What you need to do:
Reproduce nothing but the lines from the start of the material through the line that includes "intelligent chip recognition🌹", both ends included, and omit every picture.

Collected data:
■ ■ ■ ■
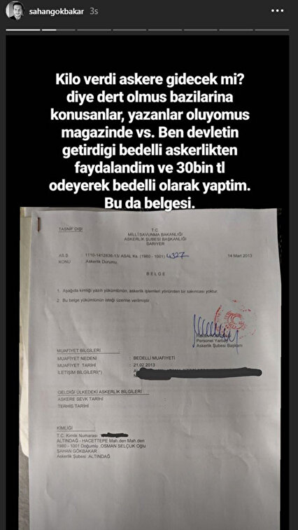 Şahan Gökbakar, “askere gidecek mi?” sorularına sosyal medya hesabından yayınladığı belgeyle karşılık verdi. Gökbakar, paylaşımında şu ifadeleri kullandı:
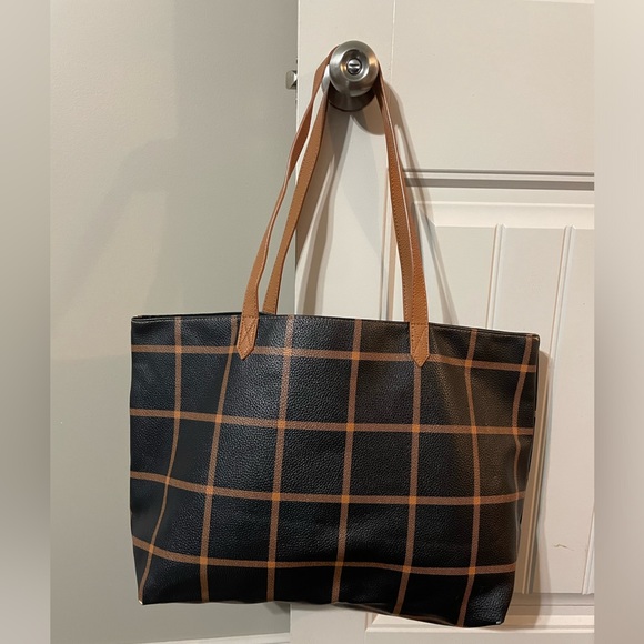 Windowpane plaid in black and camel. Very good condition with slight wear at seam corners. Great work bag for laptop etc. One exterior cell phone pocket. Two interior pockets and one zip interior pocket.
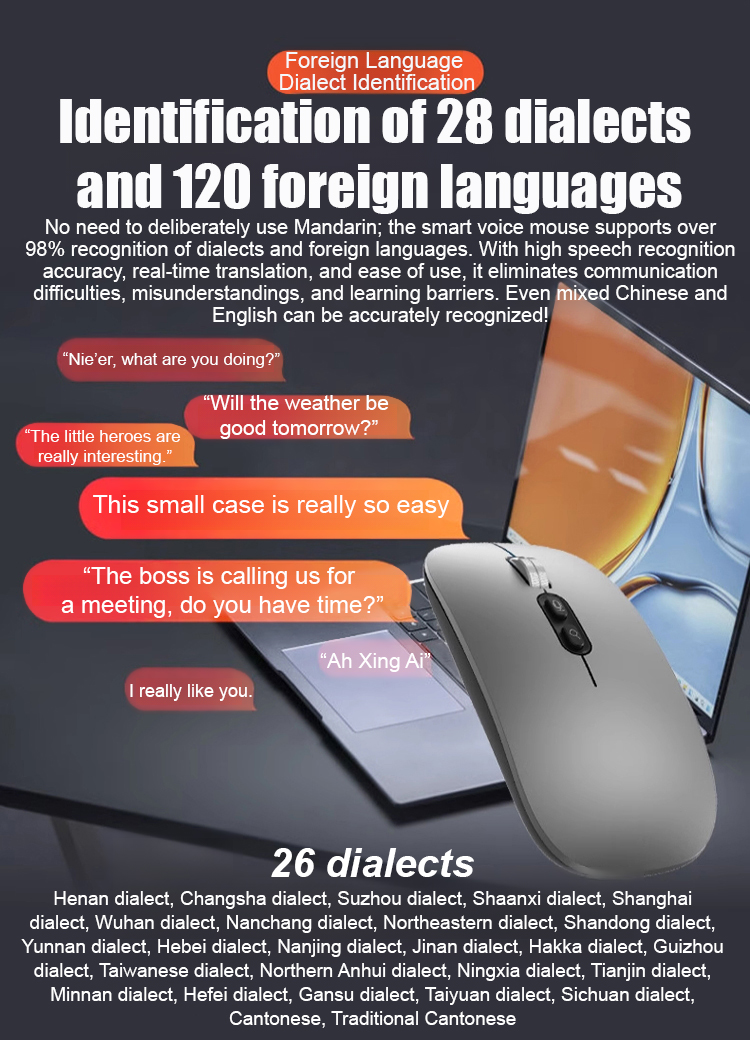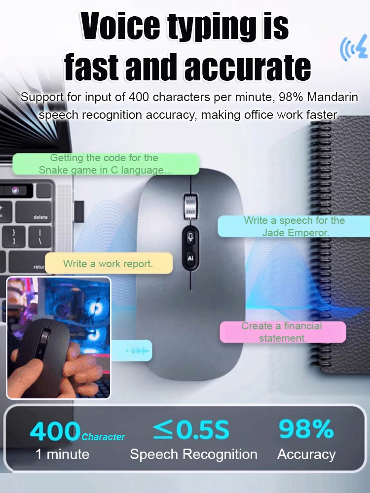 💛Smart Voice Translation and Recognition Wireless Tri-Mode Mouse💛Real-time translation of 117 languages🔥Over 50,000 units sold in North America🔥AI intelligent chip recognition🌹
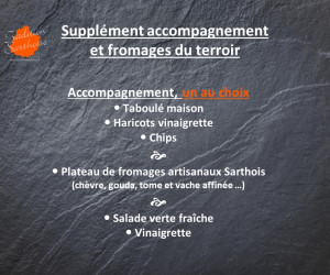 Notre Supplément Accompagnement et Fromages du Terroir met à l’honneur la richesse de notre région. Il inclut un accompagnement au choix : taboulé maison, haricots vinaigrette ou chips. Il est suivi d’un plateau de fromages artisanaux sarthois - chèvre, gouda, tome ou vache affinée – sélectionnés auprès de producteurs locaux. Une salade verte fraîche et sa vinaigrette complètent l’ensemble pour une assiette équilibrée et savoureuse.
■ ■ ■ ■
Solution to the exercise:
 Şahan Gökbakar, “askere gidecek mi?” sorularına sosyal medya hesabından yayınladığı belgeyle karşılık verdi. Gökbakar, paylaşımında şu ifadeleri kullandı:
 Windowpane plaid in black and camel. Very good condition with slight wear at seam corners. Great work bag for laptop etc. One exterior cell phone pocket. Two interior pockets and one zip interior pocket.
 💛Smart Voice Translation and Recognition Wireless Tri-Mode Mouse💛Real-time translation of 117 languages🔥Over 50,000 units sold in North America🔥AI intelligent chip recognition🌹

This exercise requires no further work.